Directions for this task:
Exact copy, pictures excluded: output the lines from the opening of the entries through the line bearing "6-Panel Classic Louver".

Data:
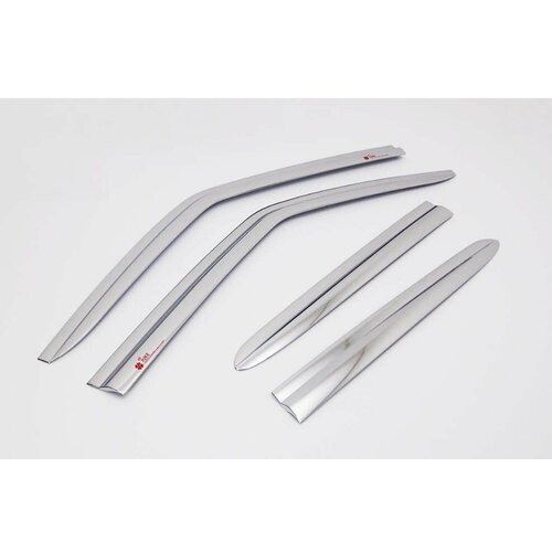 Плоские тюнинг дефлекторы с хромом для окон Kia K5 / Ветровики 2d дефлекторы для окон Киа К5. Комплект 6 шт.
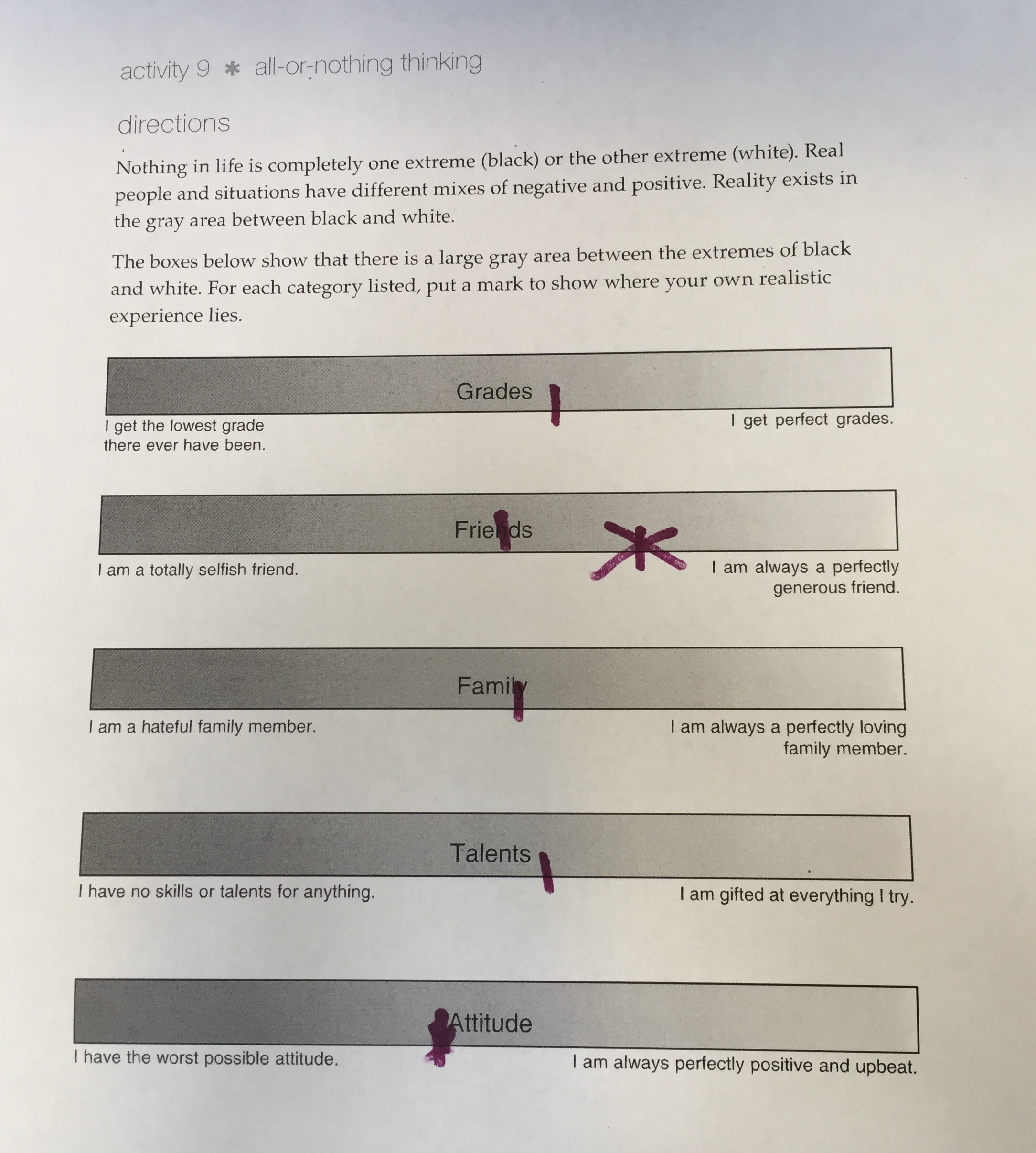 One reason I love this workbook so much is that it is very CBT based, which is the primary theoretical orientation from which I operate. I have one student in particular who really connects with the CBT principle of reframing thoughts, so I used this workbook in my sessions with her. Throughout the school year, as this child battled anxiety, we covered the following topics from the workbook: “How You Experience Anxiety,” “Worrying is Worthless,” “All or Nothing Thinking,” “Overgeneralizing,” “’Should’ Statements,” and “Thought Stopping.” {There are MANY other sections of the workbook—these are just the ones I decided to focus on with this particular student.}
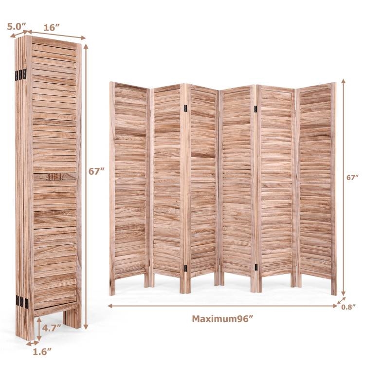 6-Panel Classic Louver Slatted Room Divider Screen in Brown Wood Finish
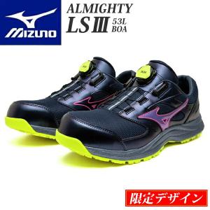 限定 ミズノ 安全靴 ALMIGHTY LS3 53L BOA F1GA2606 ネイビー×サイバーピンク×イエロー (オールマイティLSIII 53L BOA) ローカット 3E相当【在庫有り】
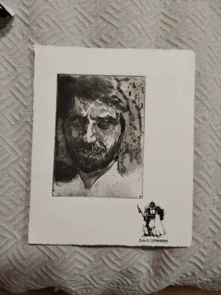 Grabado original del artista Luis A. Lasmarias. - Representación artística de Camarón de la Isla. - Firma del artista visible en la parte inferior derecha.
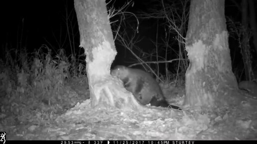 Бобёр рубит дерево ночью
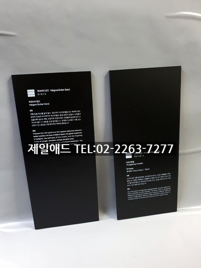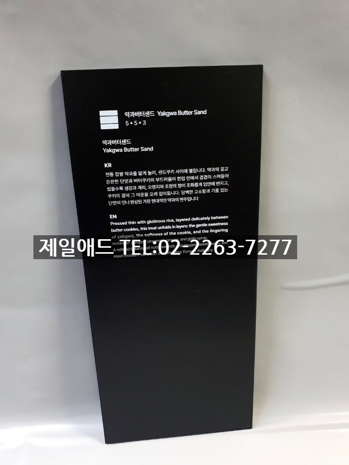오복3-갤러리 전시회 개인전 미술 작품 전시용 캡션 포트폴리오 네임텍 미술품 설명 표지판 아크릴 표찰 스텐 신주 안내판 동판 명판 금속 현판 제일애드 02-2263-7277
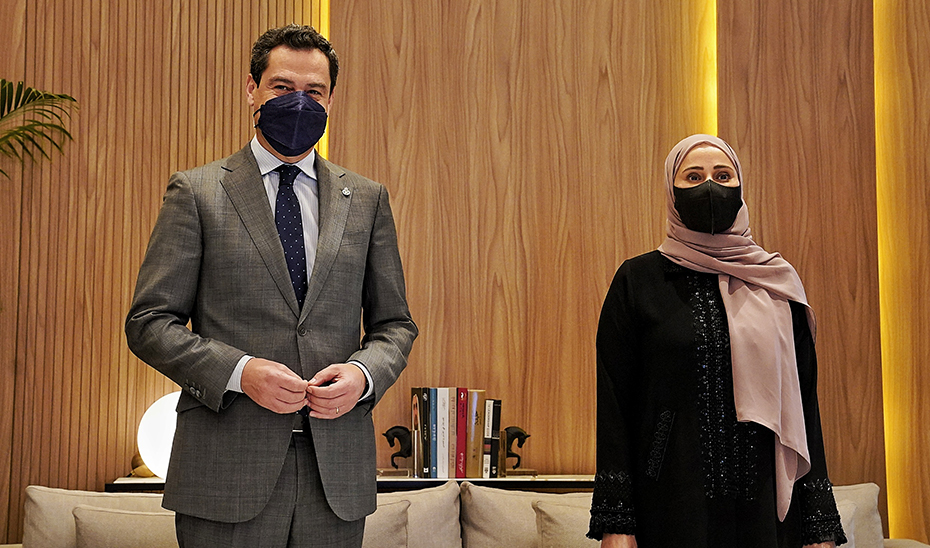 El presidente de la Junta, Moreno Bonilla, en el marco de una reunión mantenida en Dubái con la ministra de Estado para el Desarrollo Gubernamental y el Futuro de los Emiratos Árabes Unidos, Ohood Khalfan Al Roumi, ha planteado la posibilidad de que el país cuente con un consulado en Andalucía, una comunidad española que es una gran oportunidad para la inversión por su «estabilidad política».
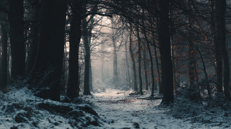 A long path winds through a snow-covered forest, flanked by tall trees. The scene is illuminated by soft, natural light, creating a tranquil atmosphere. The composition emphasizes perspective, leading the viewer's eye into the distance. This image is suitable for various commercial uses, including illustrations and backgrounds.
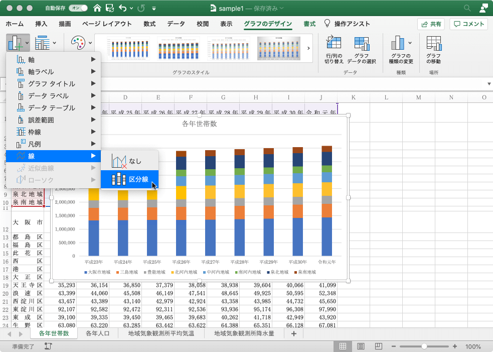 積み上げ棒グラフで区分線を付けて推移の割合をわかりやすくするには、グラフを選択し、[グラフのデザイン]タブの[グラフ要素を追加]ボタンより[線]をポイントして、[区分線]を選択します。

Answer to this problem:
 Плоские тюнинг дефлекторы с хромом для окон Kia K5 / Ветровики 2d дефлекторы для окон Киа К5. Комплект 6 шт.
 One reason I love this workbook so much is that it is very CBT based, which is the primary theoretical orientation from which I operate. I have one student in particular who really connects with the CBT principle of reframing thoughts, so I used this workbook in my sessions with her. Throughout the school year, as this child battled anxiety, we covered the following topics from the workbook: “How You Experience Anxiety,” “Worrying is Worthless,” “All or Nothing Thinking,” “Overgeneralizing,” “’Should’ Statements,” and “Thought Stopping.” {There are MANY other sections of the workbook—these are just the ones I decided to focus on with this particular student.}
 6-Panel Classic Louver Slatted Room Divider Screen in Brown Wood Finish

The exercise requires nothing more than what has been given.